> [EXERCISE DETAILS]:
Would you copy the records below, exactly and only from their first line through the line containing "- 理由生成:在这个阶段,我", without any pictures?

> [RECORDS PROVIDED]:
- - - - -
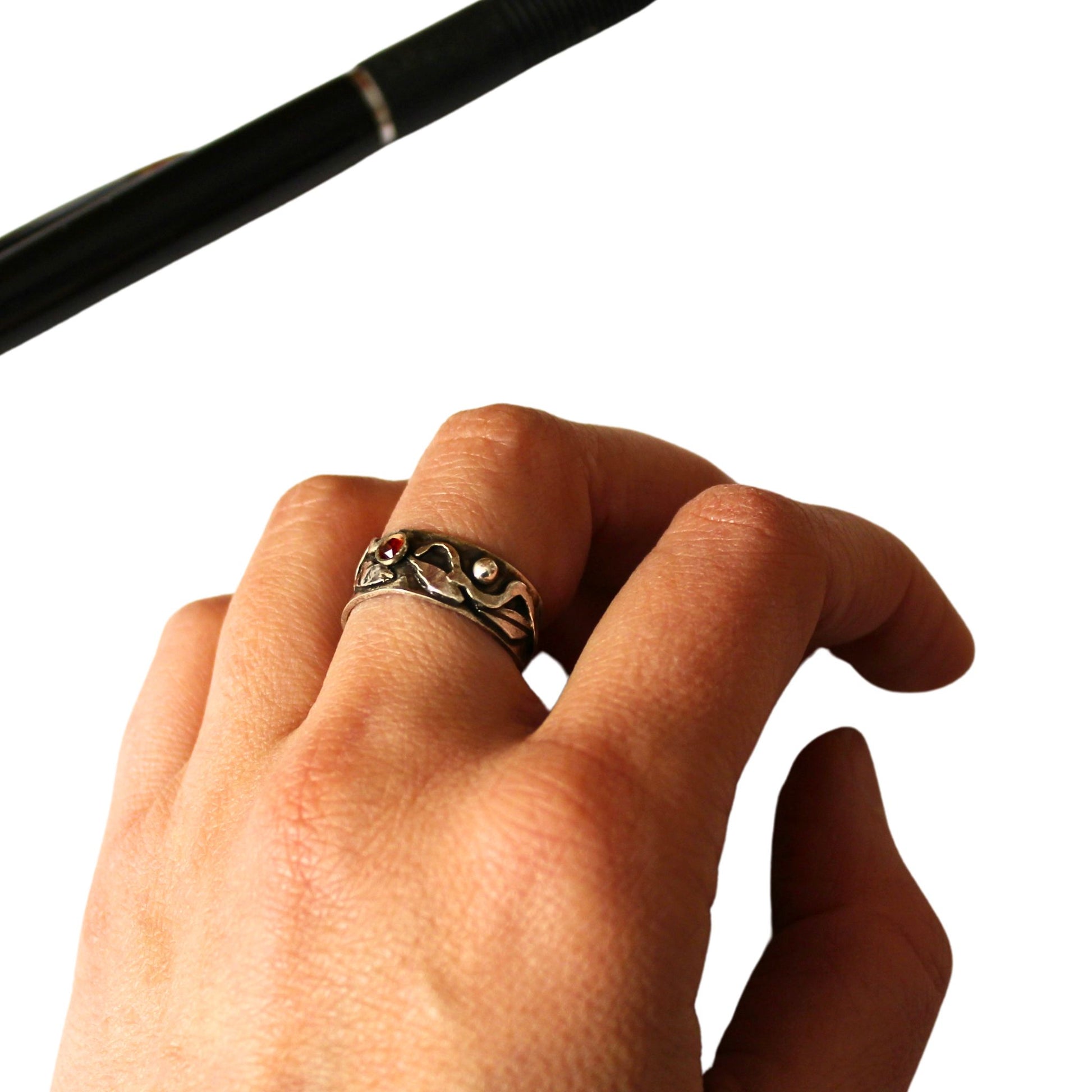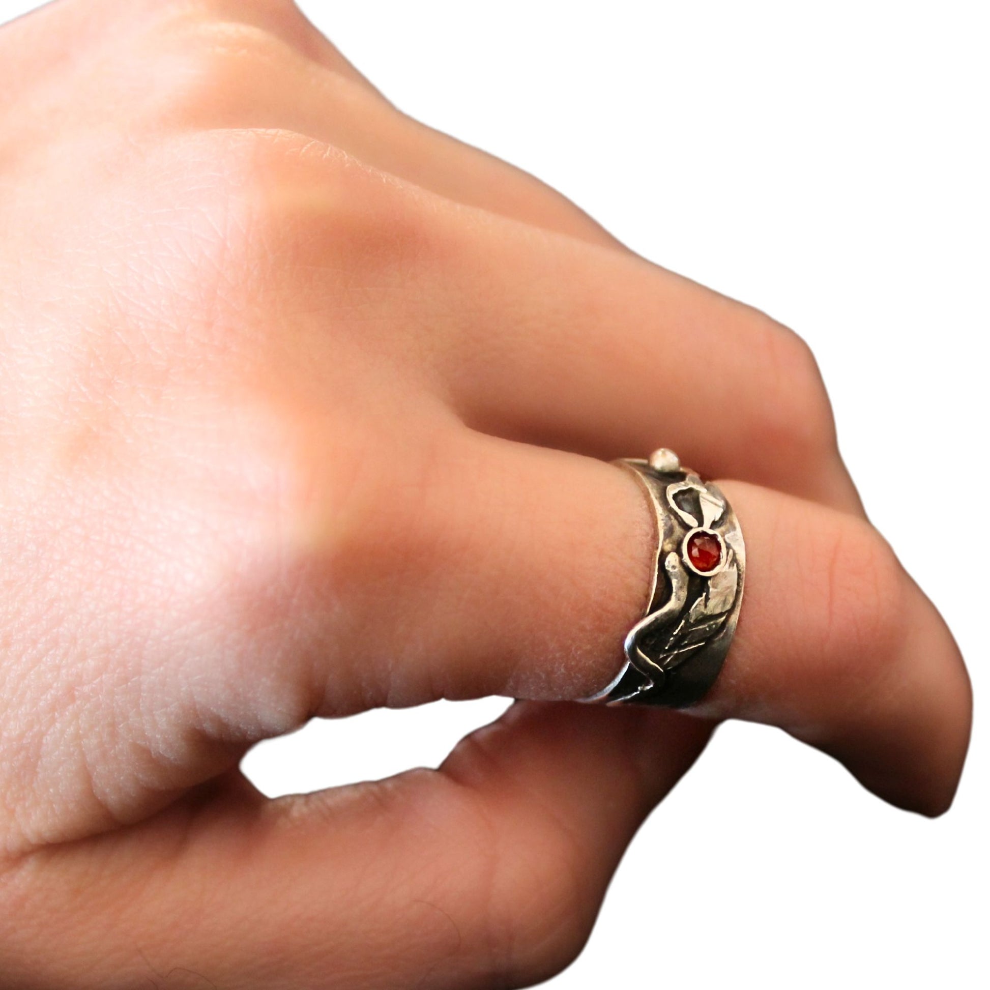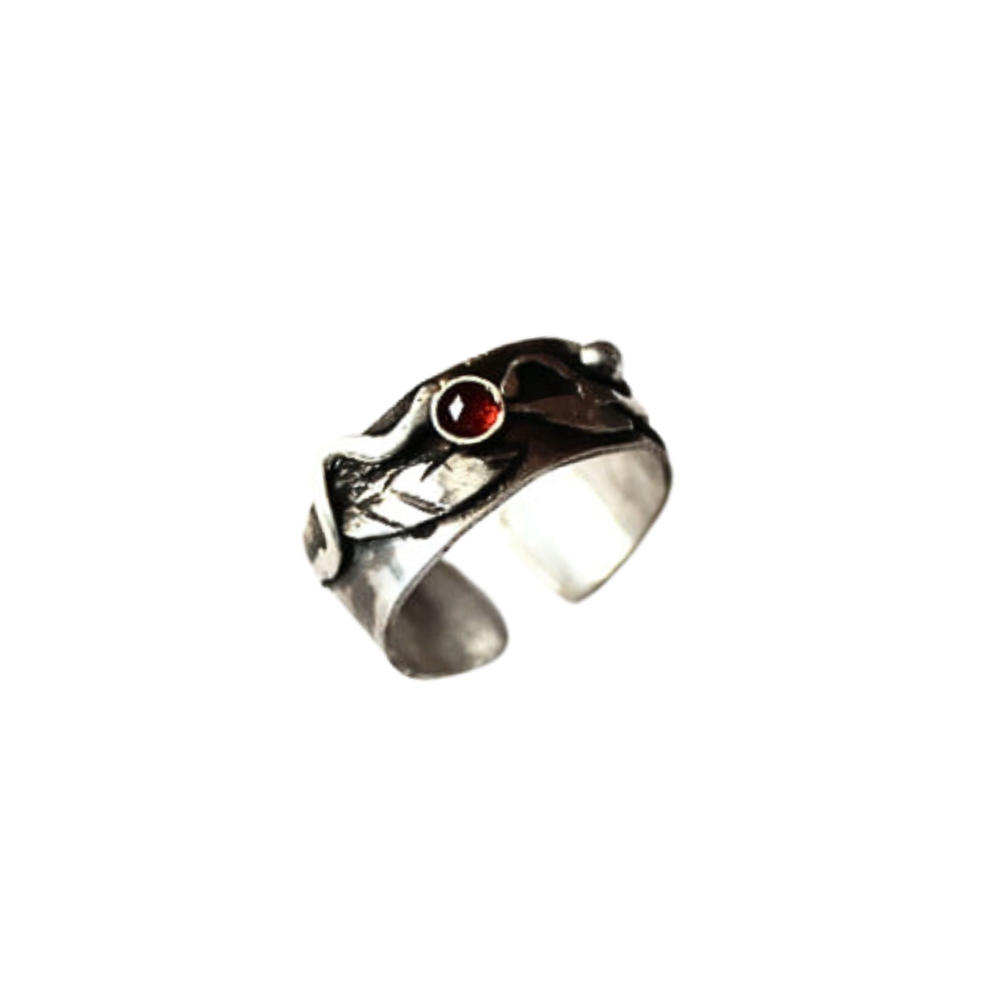 Ένα ασημένιο δαχτυλίδι με άνοιγμα, διακοσμημένο με βαθύ κόκκινο γρανάτη που ενσωματώνεται αρμονικά στη γλυπτική, ανάγλυφη επιφάνειά του. Η φαρδιά του μορφή αγκαλιάζει το δάχτυλο προσφέροντας ένα κομψό στυλ. Μοναδικό και δυναμικό — όπως εσύ.
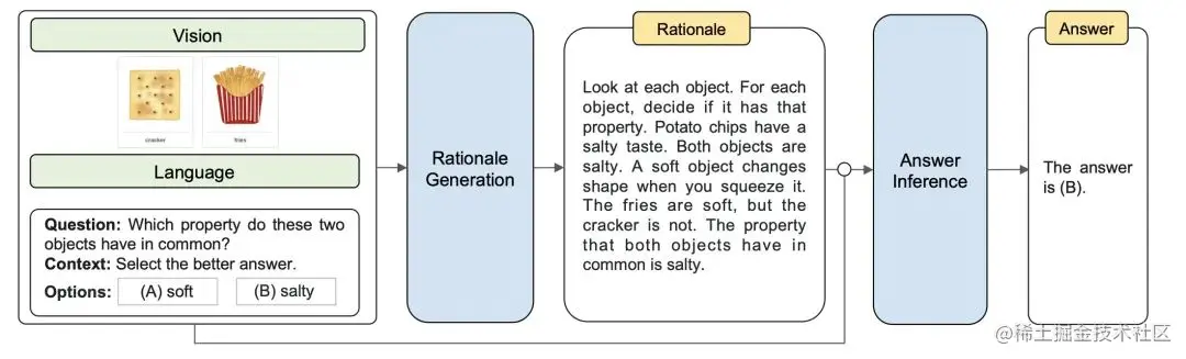 - 理由生成:在这个阶段,我们将语言和视觉输入提供给模型,以生成推理的理由。这个理由可以看作是解决问题的中间步骤或思考链的一部分。这个过程可以帮助模型理解问题的上下文,并为下一步的答案推断做好准备。
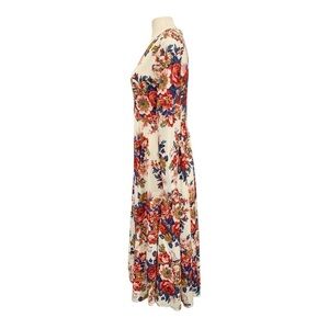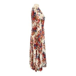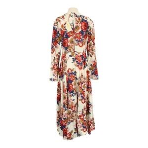 Features: 100% viscose fabric in an all over floral print. Scoop neckline. Long sleeves. Maxi length. Button back detail. Pull over.
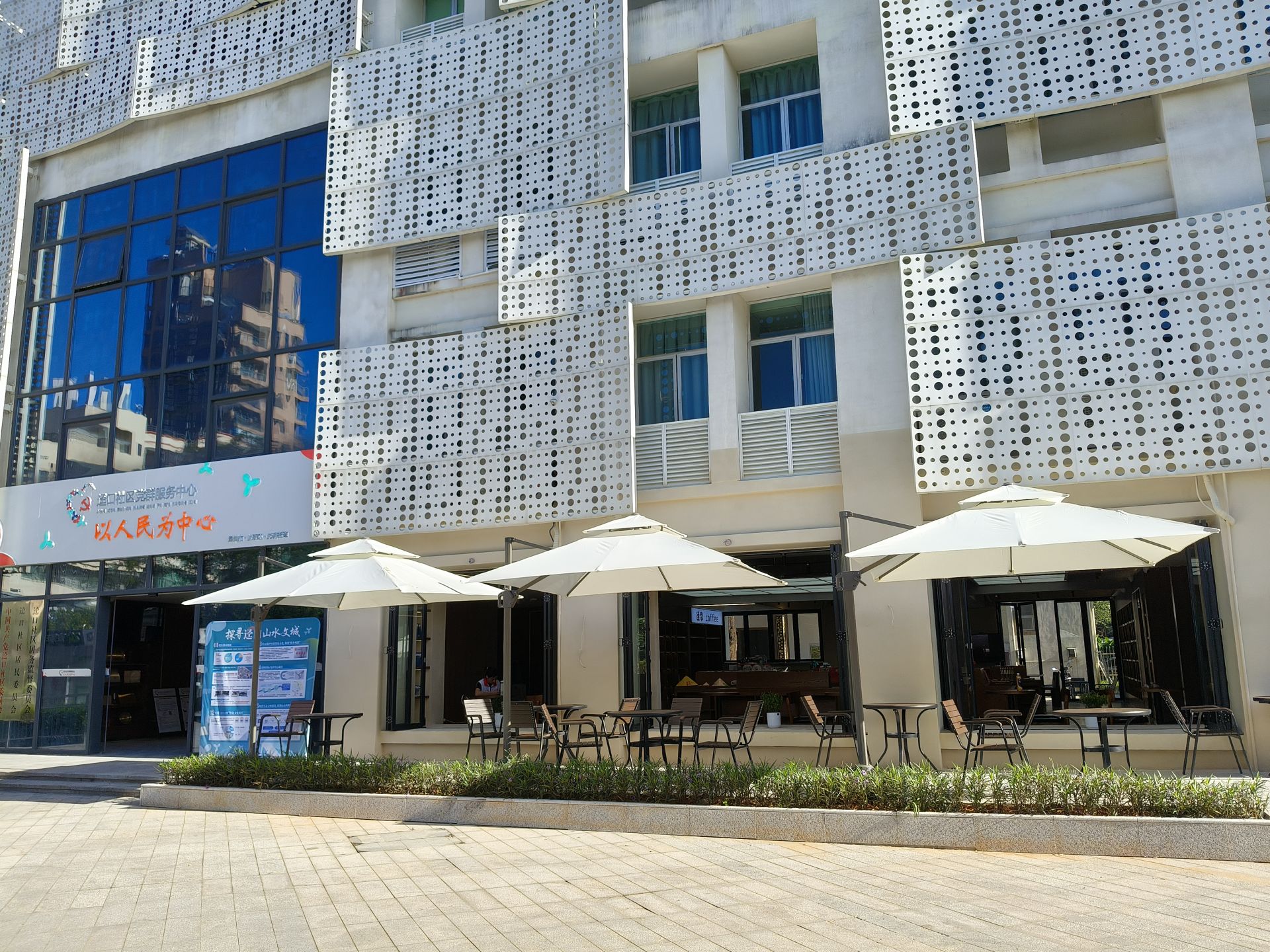 改造后的党群服务中心突破传统办事大厅单一功能,融合了青年创享驿站、居民议事厅、邻里手工坊等功能区域,引入咖啡、迳口供销社、圈圈单车骑行驿站等便民业态,构建居民“家门口”的一站式服务网络,实现从“行政办公空间”到“宜居生活空间”的转型,让居民在“15分钟社区生活圈”内即可享受便捷生活服务。
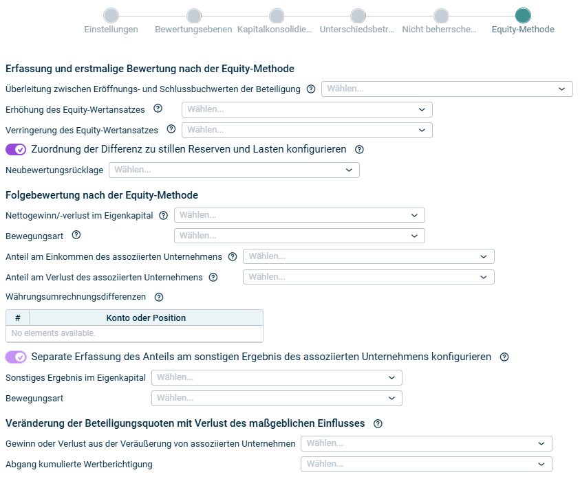 Die neue Funktion kann im Schritt Einstellungen auf der App-Oberfläche aktiviert werden. Die Konfiguration der Bewertung nach der Equity-Methode wird in dem daraufhin zusätzlich angezeigten Schritt Equity-Methode vorgenommen.
- - - - -
> [WORKED SOLUTION]:
 Ένα ασημένιο δαχτυλίδι με άνοιγμα, διακοσμημένο με βαθύ κόκκινο γρανάτη που ενσωματώνεται αρμονικά στη γλυπτική, ανάγλυφη επιφάνειά του. Η φαρδιά του μορφή αγκαλιάζει το δάχτυλο προσφέροντας ένα κομψό στυλ. Μοναδικό και δυναμικό — όπως εσύ.
 - 理由生成:在这个阶段,我们将语言和视觉输入提供给模型,以生成推理的理由。这个理由可以看作是解决问题的中间步骤或思考链的一部分。这个过程可以帮助模型理解问题的上下文,并为下一步的答案推断做好准备。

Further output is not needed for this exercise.